■ What this task involves ■
Restate word for word the section of the entries that opens at the line containing "The intent of" and closes at the line containing "行走于半山崖壁小道之上,半个", both lines kept, pictures dropped.

■ Dataset records ■
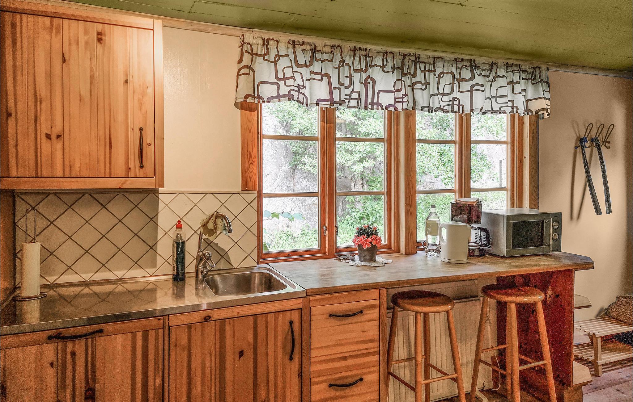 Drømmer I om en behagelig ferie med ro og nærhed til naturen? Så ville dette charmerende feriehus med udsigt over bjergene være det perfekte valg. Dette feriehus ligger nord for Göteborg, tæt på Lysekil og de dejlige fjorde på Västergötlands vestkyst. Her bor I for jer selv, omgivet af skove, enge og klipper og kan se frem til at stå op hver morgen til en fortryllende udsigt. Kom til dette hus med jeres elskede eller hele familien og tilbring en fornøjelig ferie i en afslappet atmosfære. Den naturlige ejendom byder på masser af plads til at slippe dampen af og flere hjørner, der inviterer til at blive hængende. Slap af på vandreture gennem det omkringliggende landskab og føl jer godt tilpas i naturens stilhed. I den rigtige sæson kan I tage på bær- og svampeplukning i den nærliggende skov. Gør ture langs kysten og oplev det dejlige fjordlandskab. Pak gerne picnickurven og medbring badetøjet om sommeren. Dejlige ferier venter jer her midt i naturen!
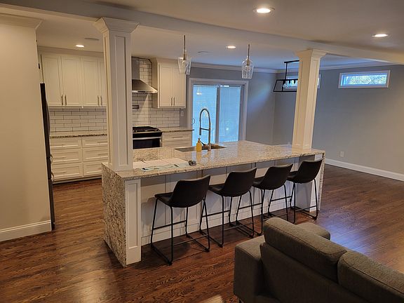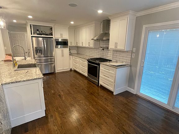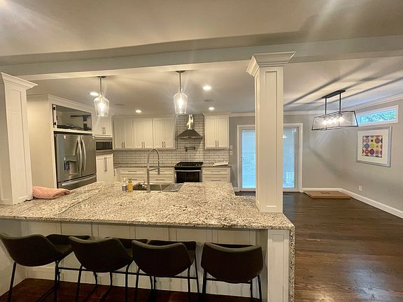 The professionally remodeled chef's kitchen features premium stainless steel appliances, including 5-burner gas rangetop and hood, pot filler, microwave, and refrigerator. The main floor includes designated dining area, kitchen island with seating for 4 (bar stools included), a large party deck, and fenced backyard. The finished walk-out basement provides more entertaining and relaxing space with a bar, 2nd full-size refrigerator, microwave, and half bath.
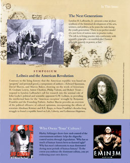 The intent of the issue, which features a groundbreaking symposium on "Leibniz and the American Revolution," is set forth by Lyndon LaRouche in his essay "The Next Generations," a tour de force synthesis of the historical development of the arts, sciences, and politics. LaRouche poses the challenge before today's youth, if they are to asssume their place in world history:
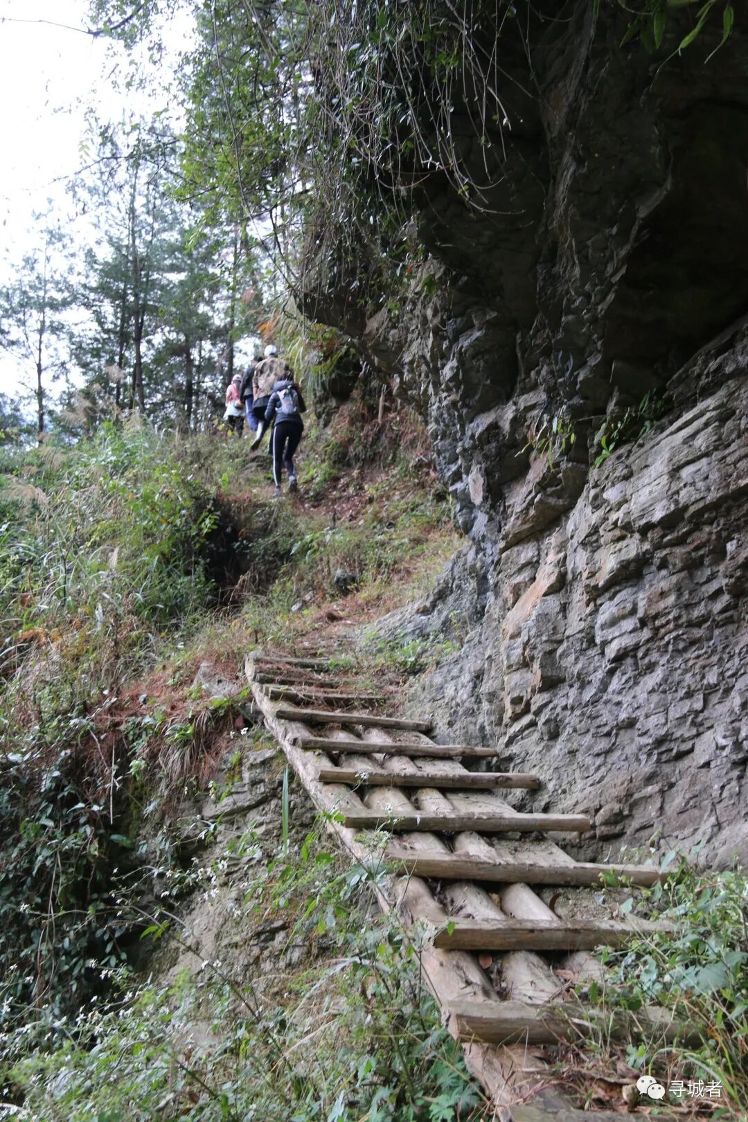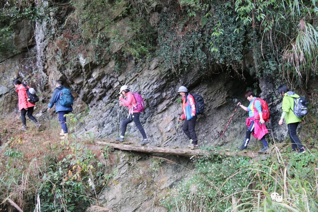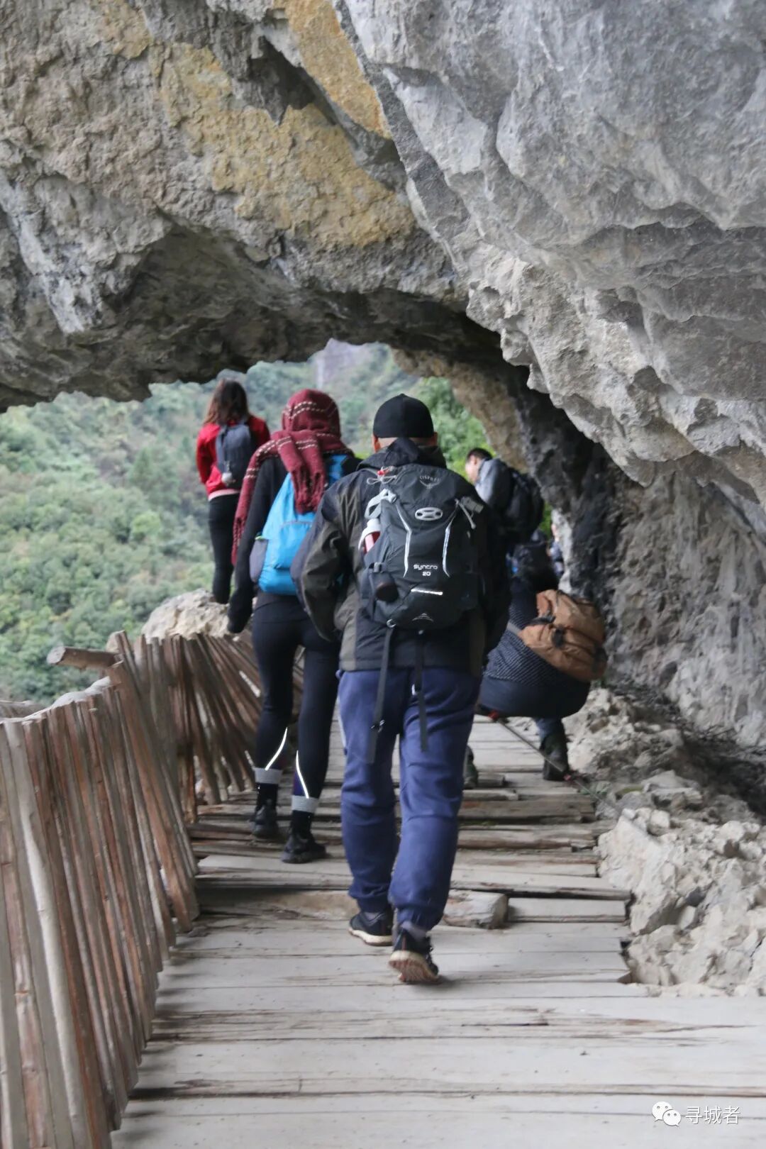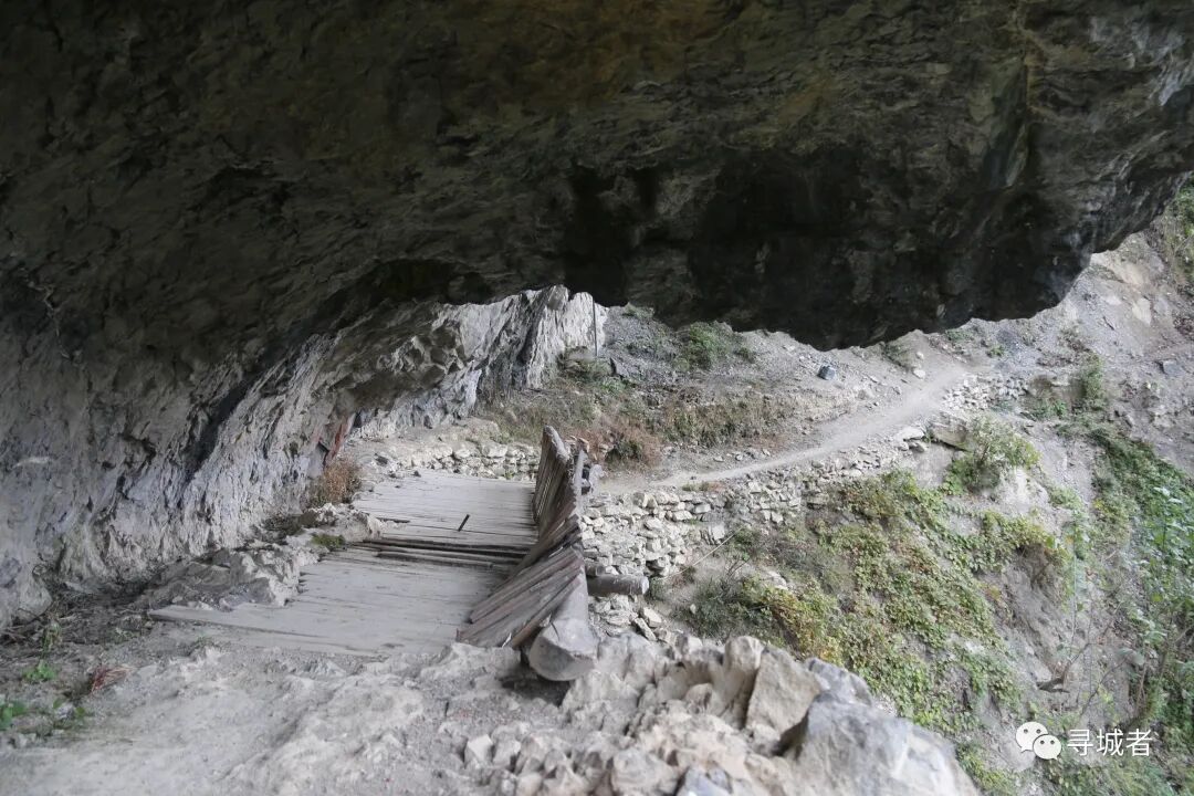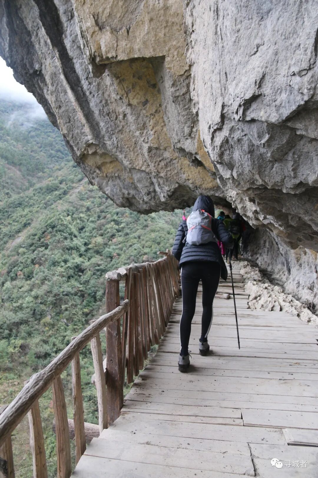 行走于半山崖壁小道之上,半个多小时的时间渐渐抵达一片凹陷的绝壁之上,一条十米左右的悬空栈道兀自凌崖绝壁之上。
* * *
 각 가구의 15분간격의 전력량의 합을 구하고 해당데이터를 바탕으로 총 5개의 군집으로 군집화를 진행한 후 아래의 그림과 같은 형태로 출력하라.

■ Answer to this task ■
 The intent of the issue, which features a groundbreaking symposium on "Leibniz and the American Revolution," is set forth by Lyndon LaRouche in his essay "The Next Generations," a tour de force synthesis of the historical development of the arts, sciences, and politics. LaRouche poses the challenge before today's youth, if they are to asssume their place in world history:
 行走于半山崖壁小道之上,半个多小时的时间渐渐抵达一片凹陷的绝壁之上,一条十米左右的悬空栈道兀自凌崖绝壁之上。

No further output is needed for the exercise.